The window was covered with a plastic venetian blind, with alternate lavender and white slats, and the bed was covered in creased purple velveteen, with heaps of cushions in various shades of purple and violet. The corner of the room behind the door was curtained off, presumably to give Zakiyyah somewhere to hang her clothes – not that she had any, now that her suitcase had been taken away from her.
On one wall hung a large poster of a salacious young witch, naked except for a pointed hat and a cloak, her eyes closed in ecstasy as she pushed the handle of her broomstick up inside her. Her black cat was watching her and licking its lips.
On the facing wall there was a framed photograph of Blarney Castle, faded by years of sunlight until it was almost colourless.
‘What do you think, then?’ said Mairead. ‘Home from home. Better than some mud hut in Africa, I’ll bet.’

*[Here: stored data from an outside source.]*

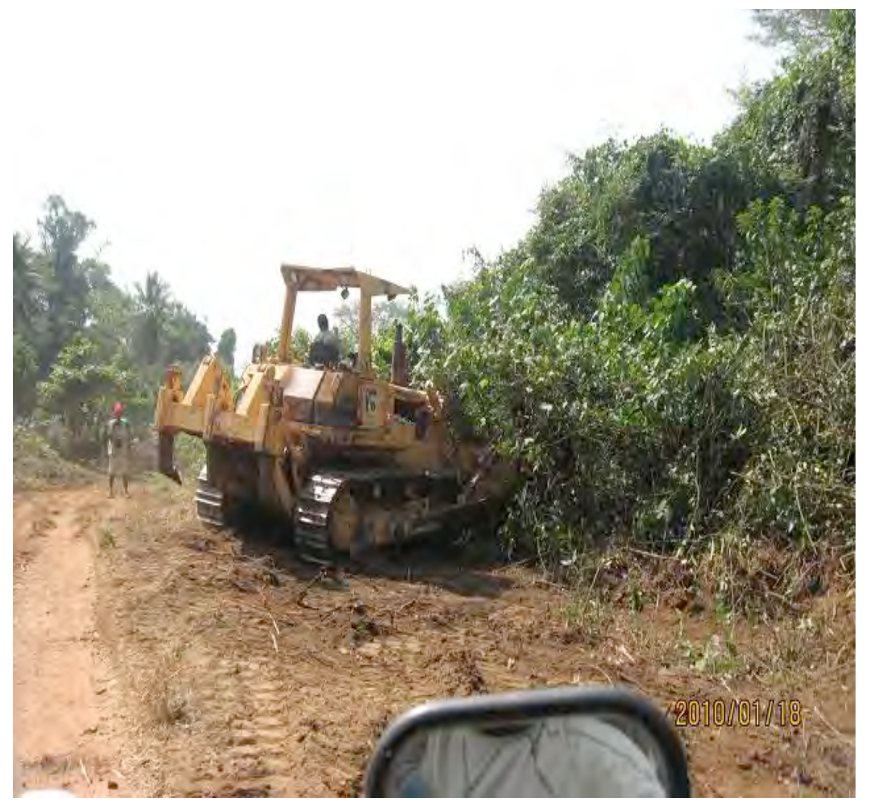
To speed this phase, SLRA has relied on heavy equipment, D8 and D6 dozers.

Mid-January SLRA reported that the crews had cleared 12 kms. from Manowa toward the Penguia Chiefdom, and 3 kms from Woroma in the Chiefdom toward Sandaru. SLRA estimated that 80 % of Phase One would be completed by January 29.
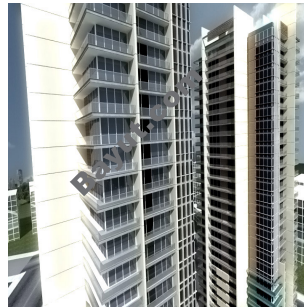
Hydra Twin Tower Exterior View 3
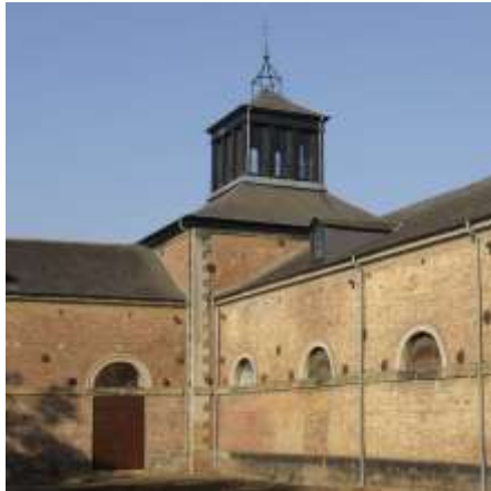
Le Grand-Hornu Bois-du-Luc Le Bois du Cazier Blegny-Mine
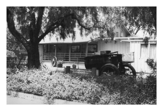
Historical Society Museum

The historic and archaeological sites recorded by previous surveys are illustrated in Figure E-1. There are two sites found in the City of Irvine, Barton's Mound and the Portola Campsite at Tomato Springs, found in the California Inventory. While only two of the historic sites within the City are listed in the California Inventory of Historic Resources, many others qualify. Several of the more important sites may also qualify for listing in the National Register of Historic Places.
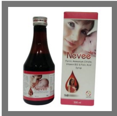
200 ML Nevee Syrup
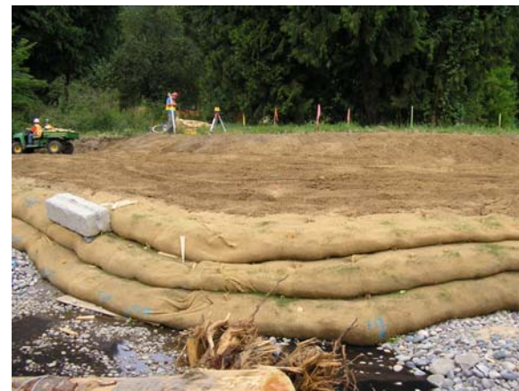
Building soil wall Nadine Bole 8-3-04
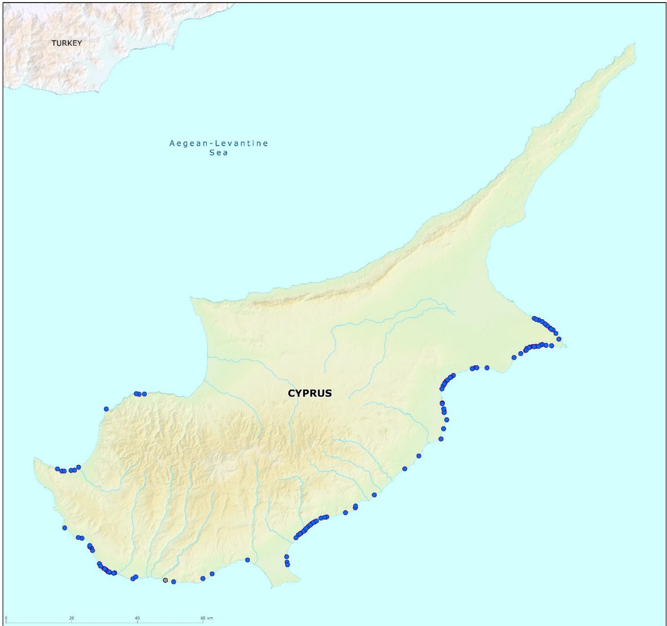
Map 1: Bathing waters reported during the 2019 bathing season in Cyprus
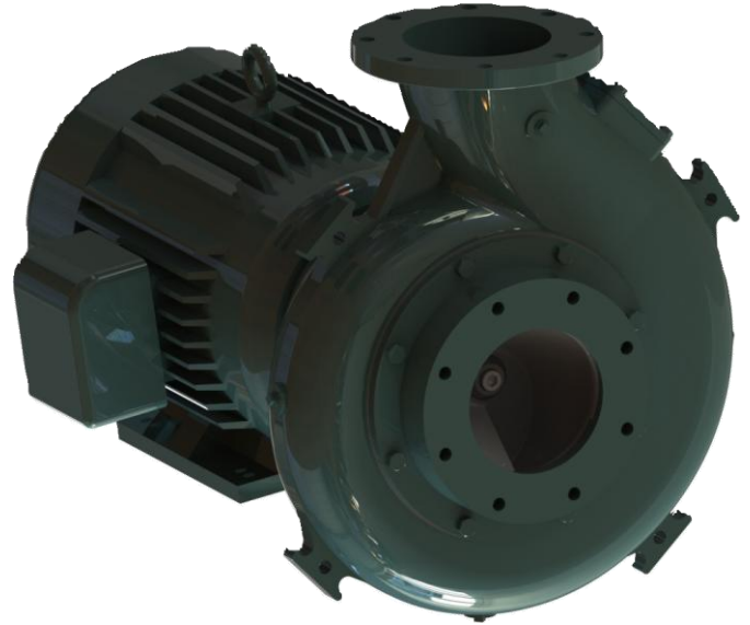
A typical picture of the pump is shown. Please contact InterTech Pump Company for further details. All information is approximate and for general guidance only.
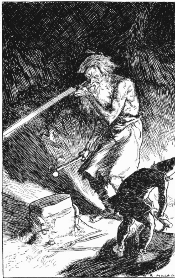
Then he made a sword

attacked by the French. The novice came first of all, waving his new sword and shouting Saxon battle-cries. When they saw the shoeing-tools they were very bewildered, till the novice asked leave to speak, and told what he had done to the farmer, and what he had said to Wayland-Smith, and how, though the dormitory light was burning, he had found the wonderful rune-carved sword in his cot. [27]
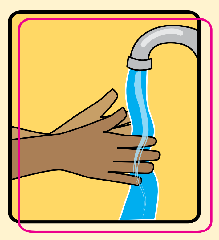
1. Wet hands under warm running water.
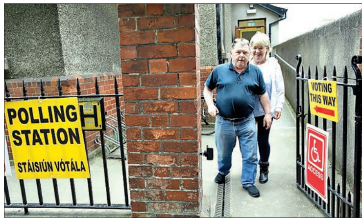
After Ireland voting continues for a third day in EU-wide elections across the continent with populists hoping for an upset victory.

Polling has shown for months that populists and the anti-immigration far right could make big gains in the vote, which will also help determine who replaces Jean-Claude Juncker as head of the European Commission as well as other top jobs. An exit poll after voting in the Netherlands on Thursday however showed a surprise victory for pro-EU socialists, giving hope to establishment forces elsewhere in the
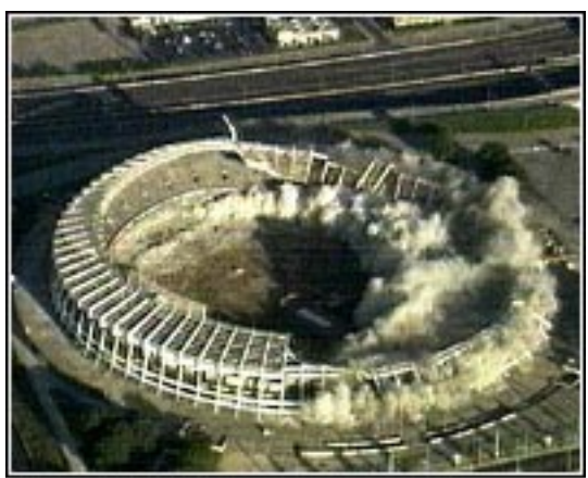
Like a set of dominoes, the former home of the Atlanta Braves collapsed Saturday

also known as TOTAL REWRITE DEMOLITION THROWAWAY THE FIRST ONE START OVER
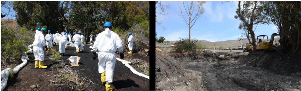
Left: June 2, 2015.
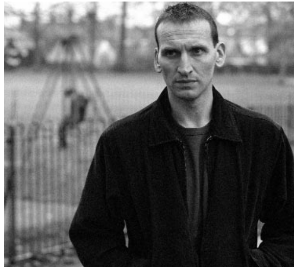
Christopher Eccleston as Joe Broughton
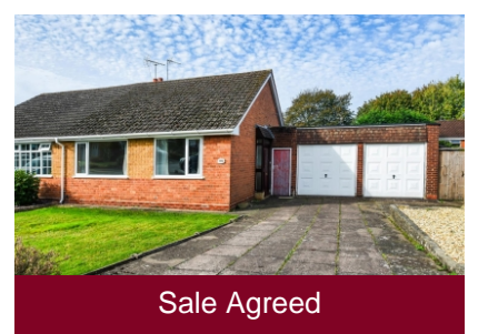
10 Gardeners Way, Wombourne, Wolverhampton
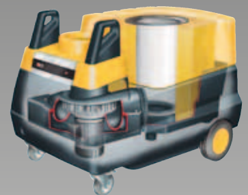
MFD with a disposable filter

Plymovent offers three models, each with its own benefits and unique characteristics. All filter units contain an aluminium spark arrester to remove sparks safely and quickly. Depending on your requirements, you can choose a model for light-to-moderate or intensive usage.
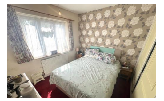
Alexandra Close, Harrow, , HA2 8QA
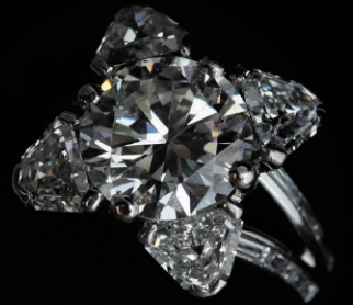
JACK WEIR & SONS
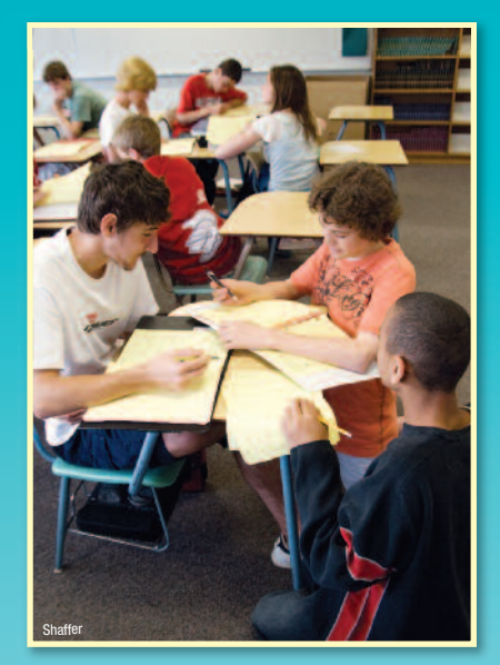
♦ What is an insight your classmates or family have appreciated you sharing?
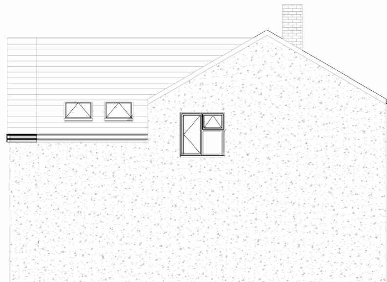
Existing Side A Elevation
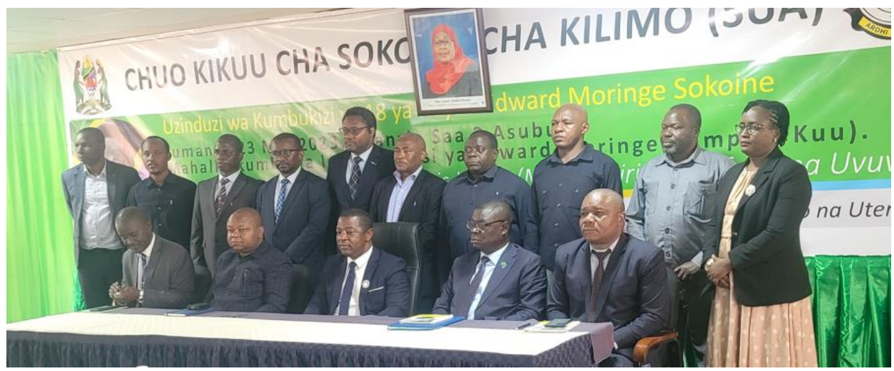
Photo 16: Institutions under the Ministry of Livestock and Fisheries that signed the MoU with SUA on 23<sup>rd</sup> May, 2023

Given the Tanzanian government's agenda on industrialization, Sokoine University of Agriculture (SUA) has a great potential of contributing towards the achievement of this agenda by working with the industry to develop new innovative (indigenous) technologies that are better-suited to our country's conditions, and which may reduce the need for importing ill-suited and technologies. In addition, the linkage with industry is likely to make the training offered at SUA more practical-oriented and demand driven by providing students and junior staff the opportunity to conduct practical hands-on learning, research and outreach with the industry.
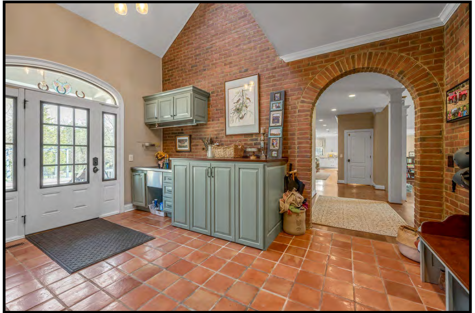
Mud/Laundry Room: Terracotta floor, skylights, chandelier, crown molding, built in cabinets, washer/dryer cabinet, laundry sink, full size Frigidaire professional refrigerator & freezer, access to garage, and access to patio/pool.
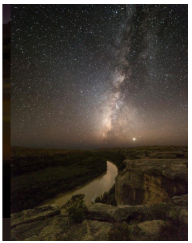
Rio Grande Points the Way to the Milky Way
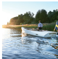
Daycruisers/ double enders
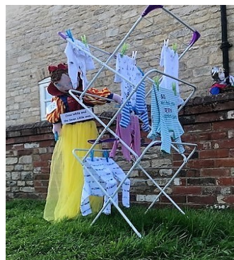
Crow White and the 7 little ones.
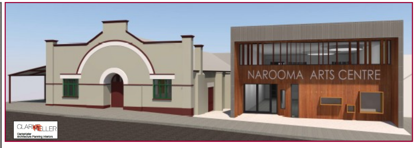
Artist's impression showing the Campbell Streetscape with upgraded Hall on left and the proposed Narooma Arts Centre on the right.
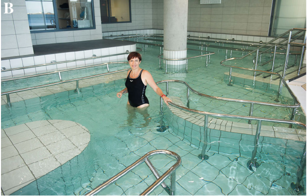
Fig. 1 a View of the interior facilities related to falls prevention, b the walking corridor [14, 15]

In 2014, Balaruc-les-Bains became the most frequently visited Spa in France. This represents more than a third of the increase in French balneotherapy over the same period.
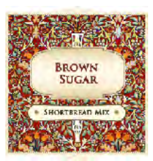
By using brown rather than white sugar, our Brown Sugar Shortbread cookies are a slight departure from traditional shortbread. Delicious!
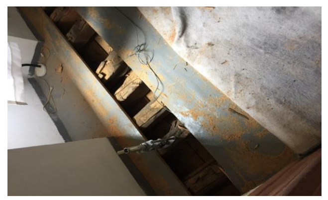
Figure 2. The beams in Santa Maria Church were tested using screw withdrawal resistance meter.

Screw withdrawal resistance meter: The beams in Santa Maria Church were tested using screw withdrawal resistance meter (Figure 2). Screw withdrawal force is an indicator of the wood material strength, density and shear modulus. Fakopp Enterprise developed a portable screw withdrawal force meter. The applied screw diameter is 4mm, the length of the thread is 18 mm. The screw withdrawal force is a local parameter but selecting a representative location on a beam it is a useful information in wooden structure evaluation (Fakopp Enterprise, 2010).
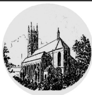
St. Mary the Virgin Honley
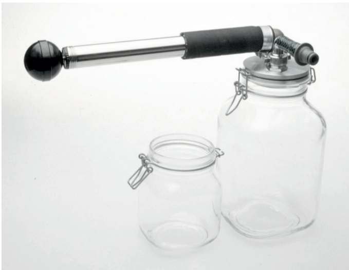
Figure 2. Suction pump with the 3l fluid container connected. 1l container

in the probe's head during collection of 2l ruminal contents. The time required to administer 2l of ruminal fluid that had been collected by this probe, and for administration of 2l water via funnel and probe (15 administrations each) were also recorded.
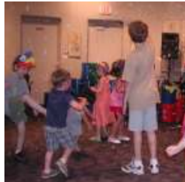
Summer Reading Program 2009

Items Borrowed 80,562 (2,981 more than last year!)
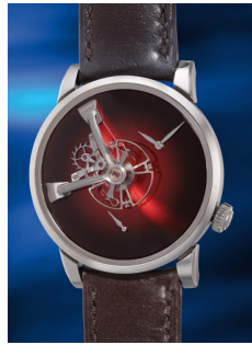
852 MB&F X H. Moser & Cie MB&F x H. Moser & Cie，型號 L... 估價 HK$240,000 — 480,000
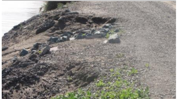
Looking south at erosion on waterside shoulder.
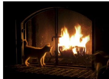
The heat appears.

If you live in a poorly insulated home, and many of us do, you could spend thousands this winter on energy bills. But our ancestors had many ways to keep snug at little or no cost. Now, thanks to modern infrared cameras and advances in environmental physics, we can understand how these methods work and measure how effective they are.
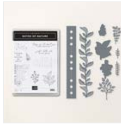
Notes Of Nature Bundle (English) - 162640
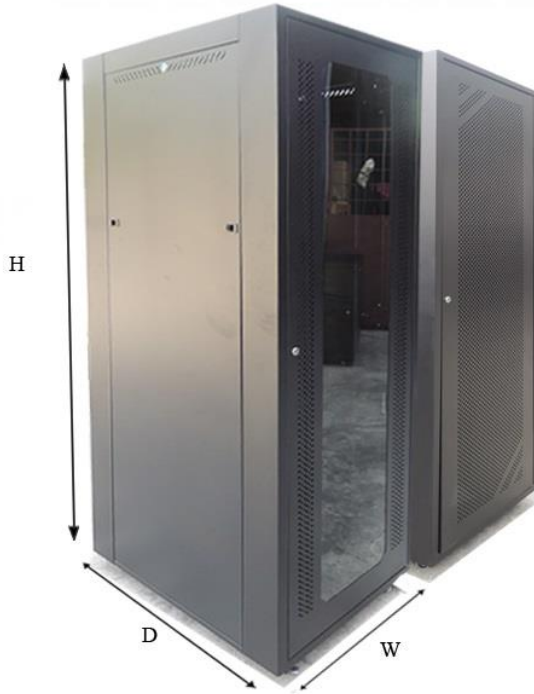
FRONT TEMPERED GLASS DOOR OR FULLY PERFORATED DOOR
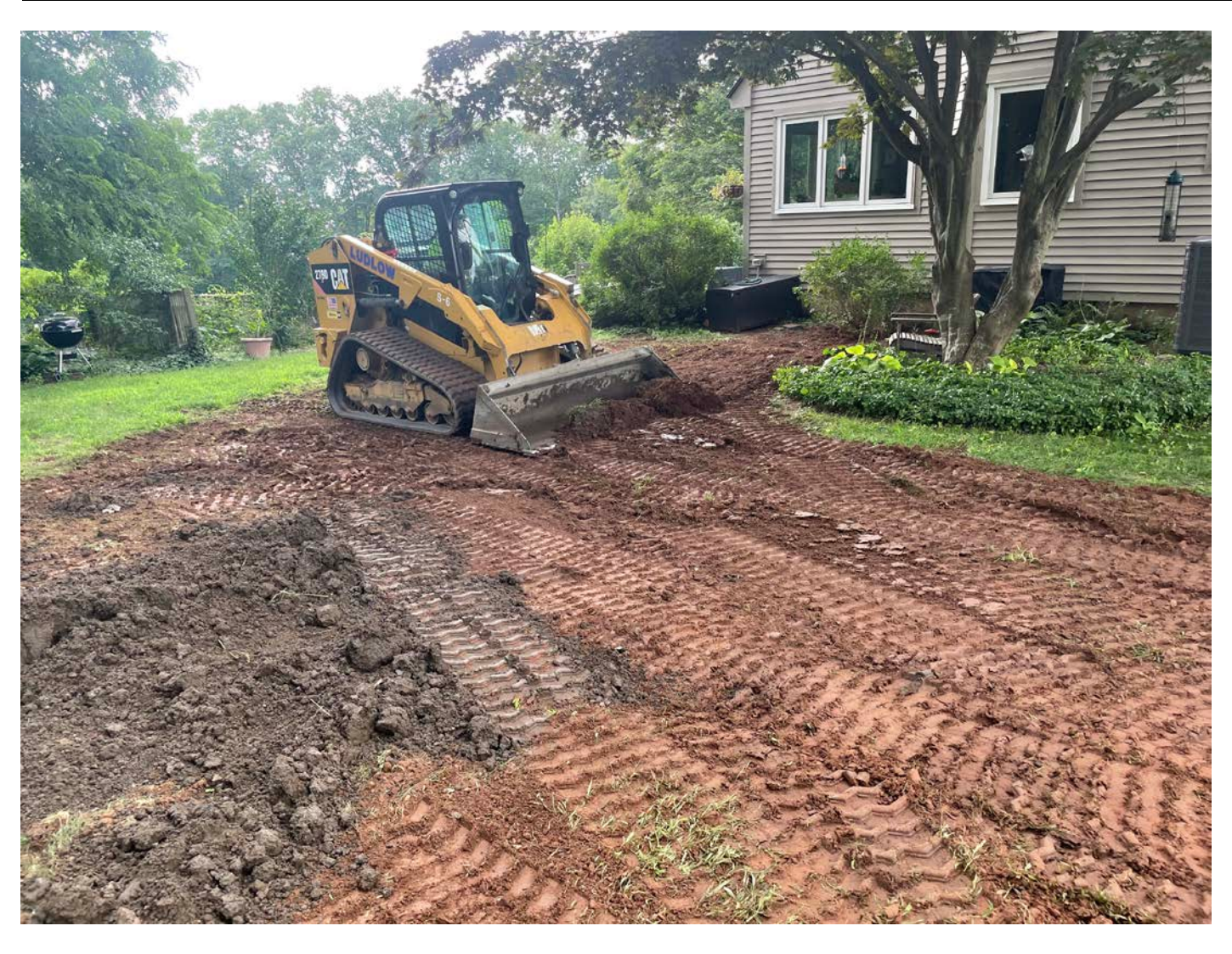
Picture 9: Ludlow grading loam over the backfilled trench at the 95R Maple Avenue property. View to southwest.

Contractor: Ludlow Construction Page: 11 of 11
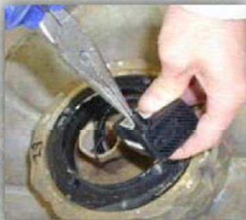
pull pump outlet out with pliers
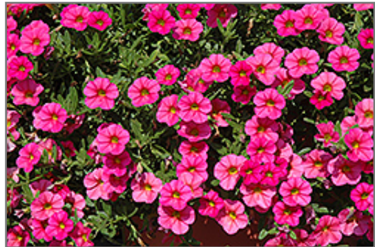
Cabaret Hot Pink Calibrachoa flowers

Cabaret Hot Pink Calibrachoa is recommended for the following landscape applications;
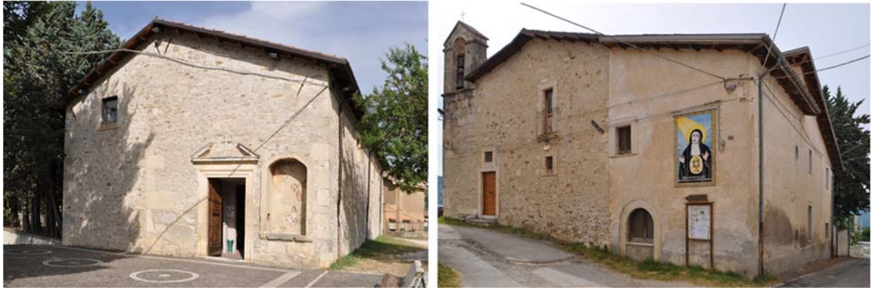
Figure 1. Panoramic views of the church

In addition to the valuable fresco, a seventeenth century altar, placed at the back of the nave added, hides another wonderful artwork ascribed to Pompeo Cesura, another major exponent of Abruzzi culture and Raffaello Sanzio's follower (fig. 2), and currently visible from the central altarpiece.

Mairead was a short, bosomy woman with long lank silver-blonde hair that draped over her shoulders. She had a heart-shaped face and a turned-up nose and she could have been pretty in a plump, waitressy way, except that her cheeks were blotched and puffy and underneath the thick pink gloss her lips were cracked. Her eyes were cornflower-blue, but Zakiyyah saw some indefinable lack of focus in them, as if she had long forgotten who she was and what she was doing here.